Bush urges compromise
President calls on senators to resolve immigration reform debate, with hopes for a bill by next month
WASHINGTON - At a White House meeting with Senate leaders yesterday, President George W. Bush gave his biggest boost yet to a compromise immigration reform bill that stalled in a partisan procedural fight in the Senate earlier this month.
In the hourlong meeting with more than a dozen Senate supporters of the compromise bill from both parties, Bush led a talk on how to get the legislation out of the Senate by Memorial Day.
Excluded from the meeting were senators opposed to the bill's expansive guest-worker program and path to citizenship for illegal workers already here.
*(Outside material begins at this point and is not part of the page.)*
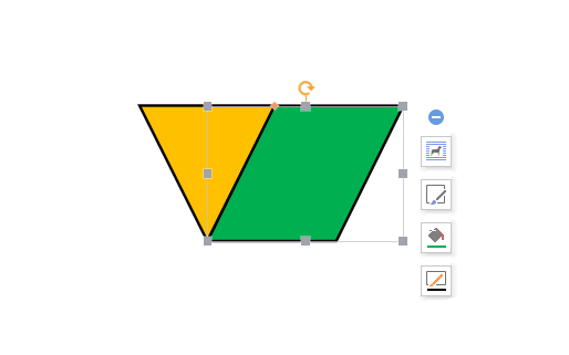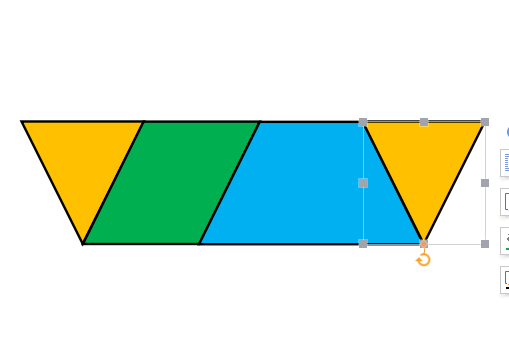 2、使用【形状】——【平行四边形】画出一个平行四边形,如下图,设置填充色为【绿色】,轮廓线为【黑色】,并将【宽度】绝对值设置为【2.6】,【高度】的绝对值设置为【1.8】。并通过微调工具,将平行四边形调整得和三角形相接。

"It's important that we reform a system that is not working," said Bush, flanked by Senate Majority Leader Bill Frist (R-Tenn.) and Minority Leader Harry Reid (D-Nev.). "And I strongly believe that we have a chance to get an immigration bill that is comprehensive in nature to my desk before the end of this year."
Bush also personally thanked the bill's main sponsors, Sens. John McCain (R-Ariz.) and Edward Kennedy (D-Mass.).
"We still have a ways to go," Kennedy said afterward, "but I appreciate very much the president's involvement and his willingness to be engaged."
Kennedy and others acknowledged any bill with guest-worker and citizenship provisions faces opposition from House leaders, whose bill focuses only on law enforcement.
The Senate and House bills must be reconciled in conference, and Democrats fear they'll have to vote on an enforcement-only bill. Those concerns were underlined by a news report that House Majority Leader John Boehner said the Senate compromise that would allow undocumented workers to apply for citizenship is a "big mistake."
But Sen. Arlen Specter (R-Pa.), who chairs the Senate Judiciary Committee that produced the bill, said he thought Bush indicated "we'll have his support when we get into conference."